TRY IT - Down to the last line, print the data that follows exactly, without its pictures.

DATA -
· · · · · · ·

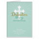 Esta tarjeta de dedicación para un niño pequeño está en un verde neutro para un niño o un chica. Los rayos puntiagudos salen de la cruz blanca con una palabra digital de aspecto dorado que dice Dedicación. Envíe bendiciones al pequeño en su Día de la Dedicación.
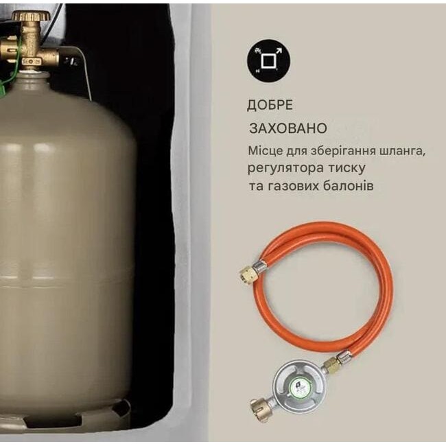 - Добре захованіМісце для зберігання шланга, редуктора тиску і газових балонів
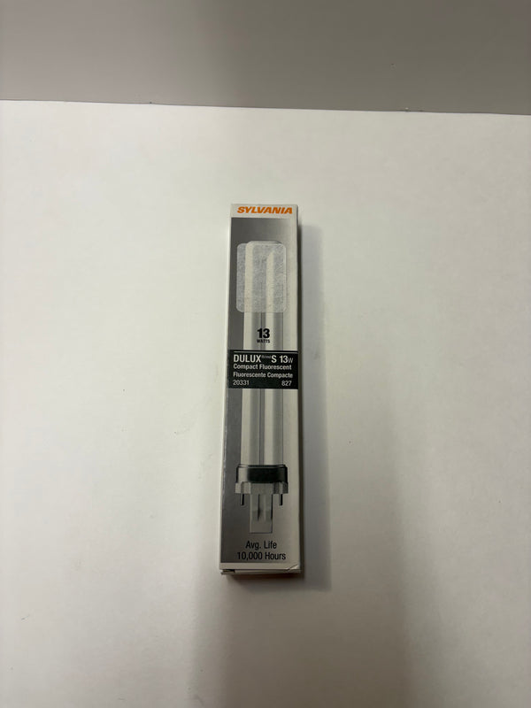 Sylvania Twin Tube Dulux Compact Fluorescent  Part #: CF13DS/827 Base: Gx23 Wattage: 13w Lumens: 800L Temperature: 2700k  Length: 7.1"

· · · · · · ·

TASK RESULT -
 Esta tarjeta de dedicación para un niño pequeño está en un verde neutro para un niño o un chica. Los rayos puntiagudos salen de la cruz blanca con una palabra digital de aspecto dorado que dice Dedicación. Envíe bendiciones al pequeño en su Día de la Dedicación.
 - Добре захованіМісце для зберігання шланга, редуктора тиску і газових балонів
 Sylvania Twin Tube Dulux Compact Fluorescent  Part #: CF13DS/827 Base: Gx23 Wattage: 13w Lumens: 800L Temperature: 2700k  Length: 7.1"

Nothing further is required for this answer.